Make economics great again

There has been a thread on the History of Economics discussion forum under the heading “Progress and Death” which revolves around the origins of the aphorism that science advances funeral by funeral. It turns out that this was an observation by Max Planck which more fully reads:

“A new scientific truth does not triumph by convincing its opponents and making them see the light, but rather because its opponents eventually die, and a new generation grows up that is familiar with it.”

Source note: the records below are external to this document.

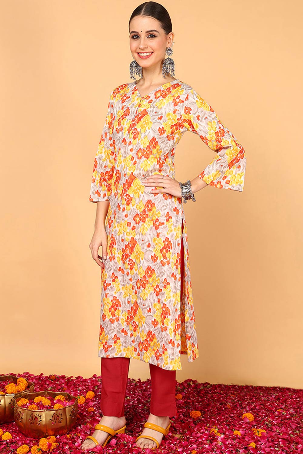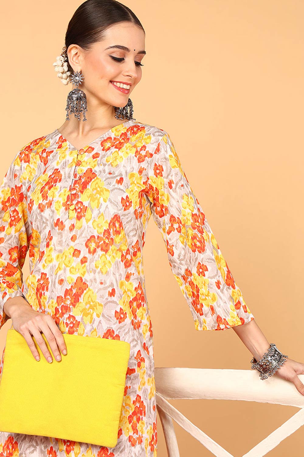 This Grey Cotton Floral Straight Kurti is a timeless choice for any occasion. The intricate prints add a touch of sophistication to the ensemble, while the comfortable rayon fabric ensures effortless elegance and ease throughout the day.
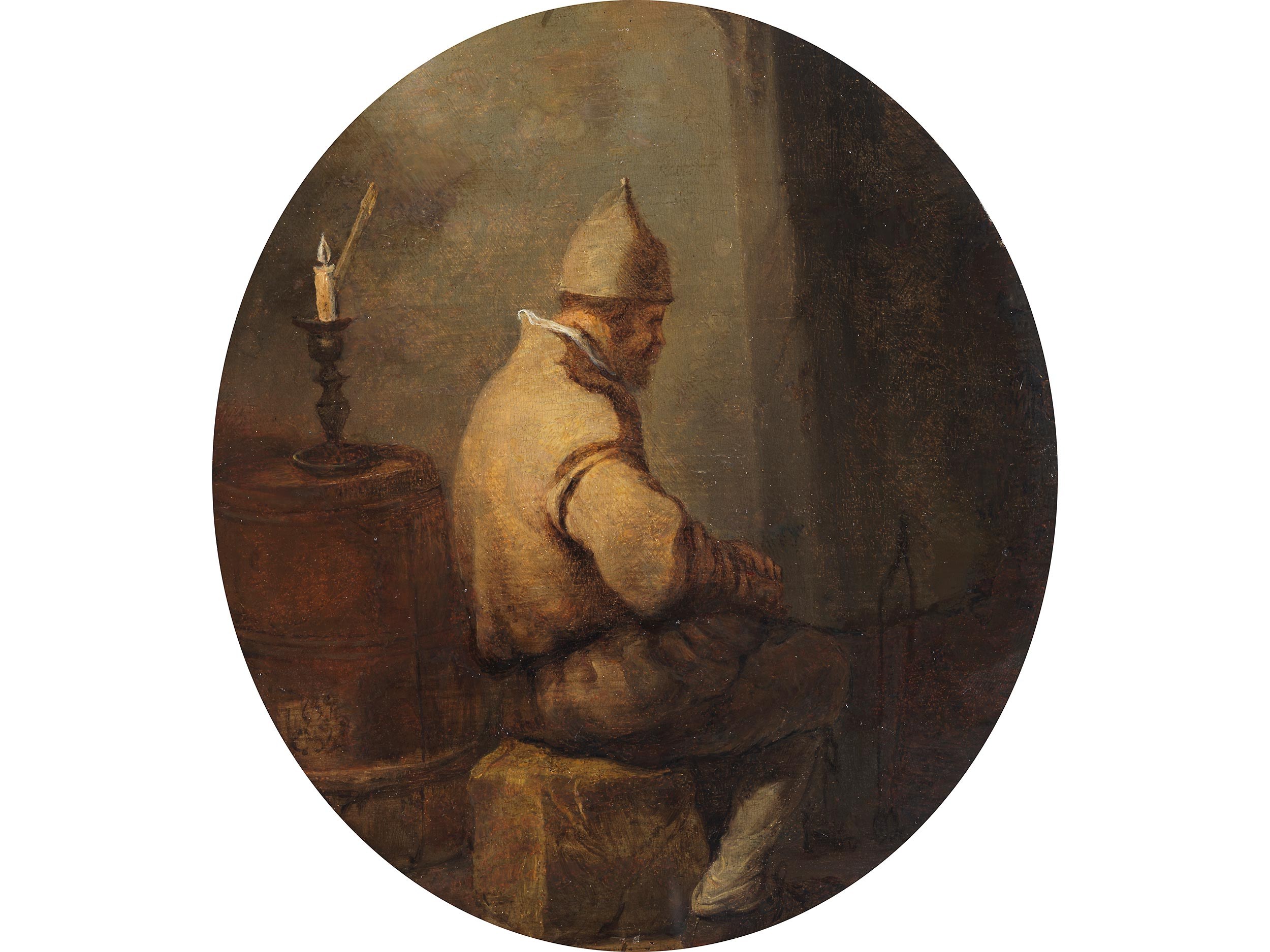 Im Profil nach rechts ein auf einem Holz- oder Steinblock sitzender Mann mit übereinandergelegten Händen und Kappe auf seinem Kopf, leicht nach unten blickend. Hinter ihm auf einem stehenden Fass, in einem Ständer, eine brennende Kerze. Malerei in monochromer beige-brauner Farbigkeit. (14217527) (18))
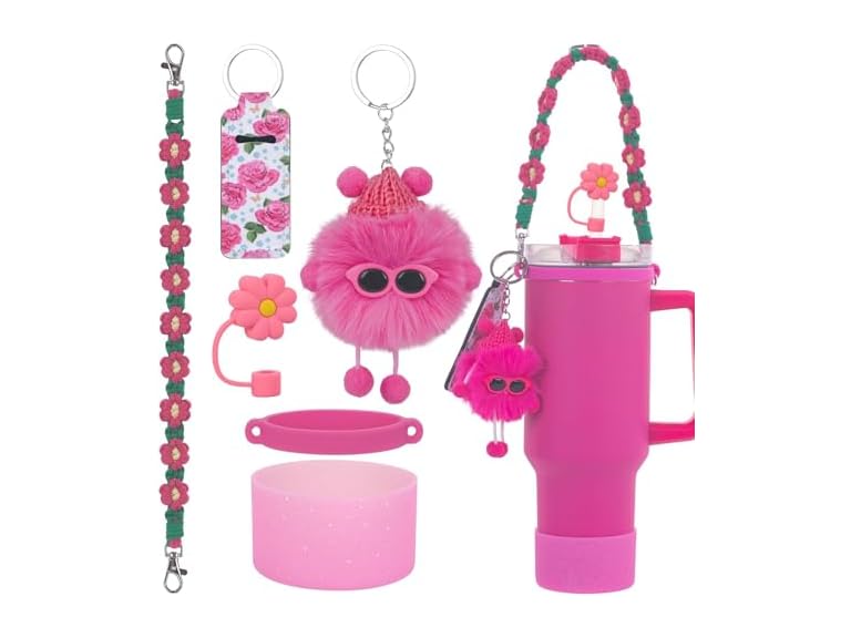 - (1) Xyntara Pink Accessories for Stanley Cup 40&30oz Tumbler with Handle,Including Straw Topper,Water Bottle Handle Strap,Chapstick Holder, Boot, Keychain Charms,Straw Toppers for Stanley Cups(Pink)
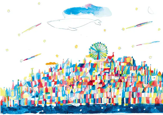 そのうちのお1人、なかむらなつきさんから届いたのがこの作品です。4/8(日)を皮切りに毎月開催していくマーケット『浜松サザンクロスほしの市』をイメージして描き下ろしてくださいました。
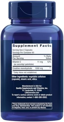 Life Extension Creatine Capsules – Creatine Monohydrate – Promotes Strength, Lean Muscle, Healthy Endurance – Non-GMO, Gluten-Free – 120 Capsules
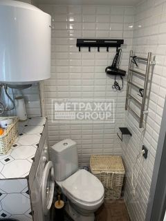 Совмещенный санузел вмещает в себя все что необходимо - бойлер, стиральную машину, раковину, унитаз и удобную душевую.
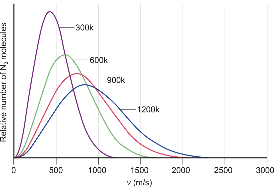 B.3.3-3 Multiple graphs of molecules velocity in different temperatures
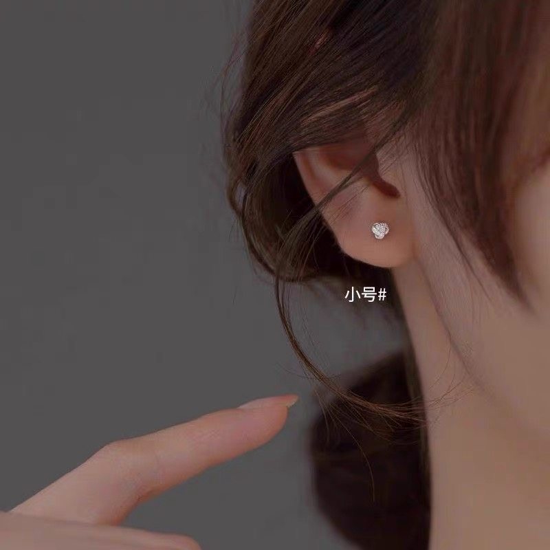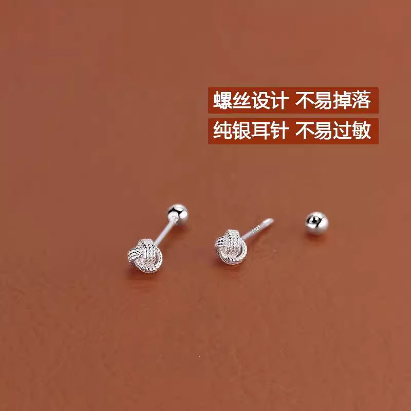 迷你如意结小耳钉养耳洞睡觉免摘螺丝拧扣耳骨钉耳饰防堵学生纯银
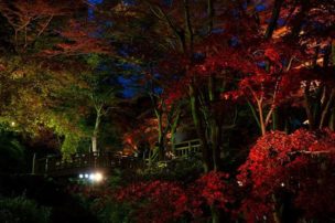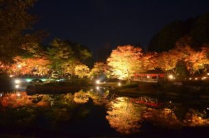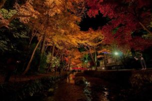 小國神社の紅葉ライトアップ . 川沿いが奥まで 紅葉がキレイだからみてみてね . 写真は赤い橋の付近♪ みんなが写真撮る場所ね♪ . 今の紅葉状況じゃないから気をつけてね .
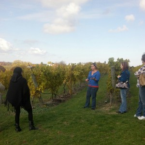 Experiencing Chateau Chantal: From top to bottom – Marie Chantal Dalese teaching us about the history of the winery; Learning about the winemaking operation; The spectaular view from the tasting room balcony.
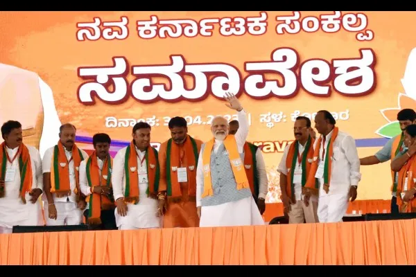 एका दिवसात चार जिल्ह्यांत प्रचार शनिवारपासून पंतप्रधान मोदी दोन दिवसांच्या राज्य दौऱ्यावर होते. शनिवारी त्यांनी बेळगाव, बिदर, विजापूर आणि बेंगळूर जिल्हा दौरा केला होता. तर रविवारी म्हैसूर, रामनगर, कोलार आणि दावणगेरे जिल्ह्यांचा दौरा केला. सायंकाळी म्हैसूरमध्ये ते रोड शोमध्ये सहभागी झाले.
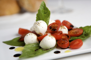 Cremige Burrata auf lauwarmen Kirschtomaten & Basilikum,
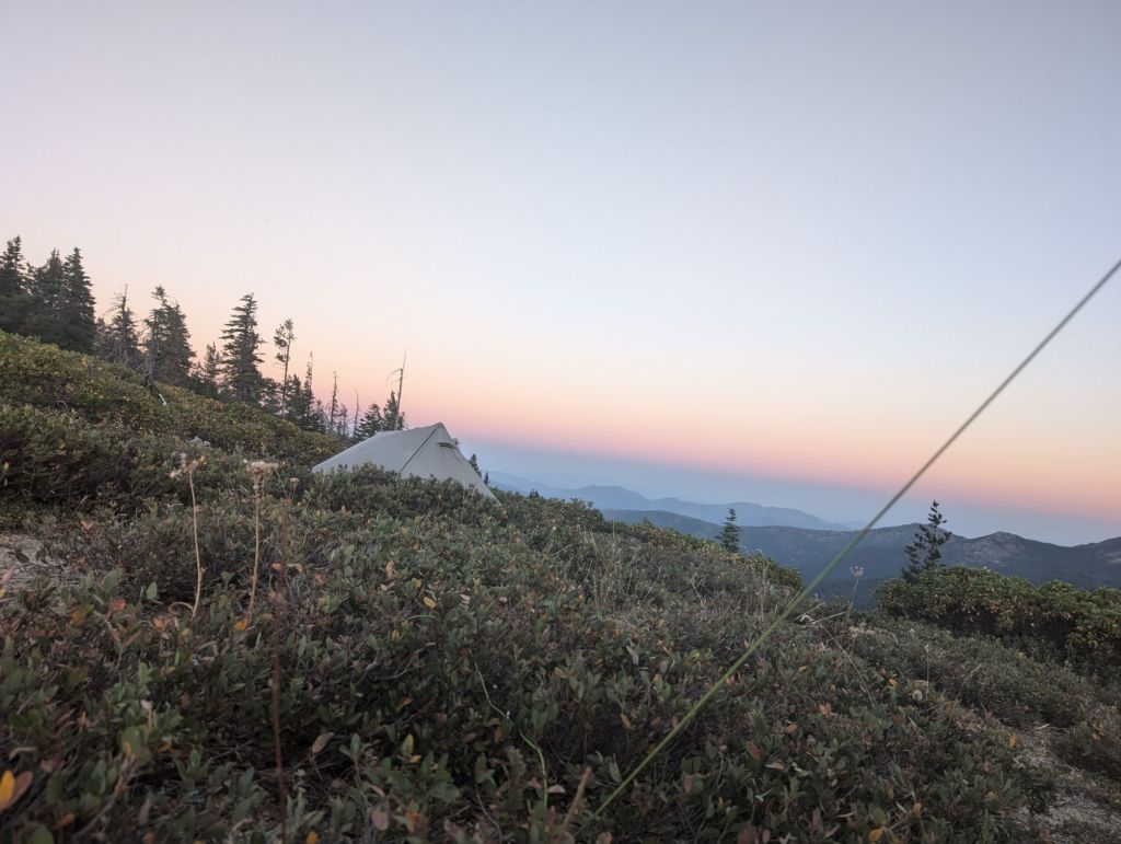 Um 18:20 waren wir an der Abzweigung zu einer Quelle. Die Zeltplätze sind alle ziemlich exponiert und liegen am Kamm. Das heißt, super Aussicht und keine Mücken. Aber auch ziemlich starker Wind. Entsprechend gut und stramm habe ich mein Zelt heute abgespannt.

I do find it interesting that even in the natural sciences that a reluctance to embrace new directions among the older generation slows the shift, since I would have thought that in the natural sciences experiment and evidence-based reasoning would overwhelm such resistance. In the social sciences, of course, experiment and evidence seem to count for little. I therefore put up the following post of my own:

I am always somewhat reluctant to buy into these issues, but right from the heading – “Progress and Death” – there is an implicit assumption that the latest is better than the superseded, which I find completely unfounded. As someone who believes that Keynesian economics has been almost the paradigm example of regression in any of the sciences, I can agree with the notion that the mainstream in some body of scientific thought will bend towards the latest fashion that is accelerated by the deaths of its older generation. But the belief that this always entails progress is, in my view, deeply mistaken. You do not have to agree with me about Keynes to recognise that the deaths of the likes of Frank Knight, J.R. Commons and Allyn Young took from the economics profession some very articulate, interesting and established views that are very different from the ones we see before us in our economic texts today. I am more likely to accept this aphorism as relatively accurate for the natural sciences, that science advances funeral by funeral, but for the social sciences I think it is completely false. That is why I argue that economists need to study the history of economic thought to keep themselves in contact with these older ideas. Their authors may have gone from the world, but their ideas – even ones we end up not agreeing with – remain as alive and worthy of study as they were on the day they were first written down.

It’s been a day since this went up and so far no one has decided to enter into these issues, which are much more intense than merely to ask where a quote originated. If anything does show up, I will let you know.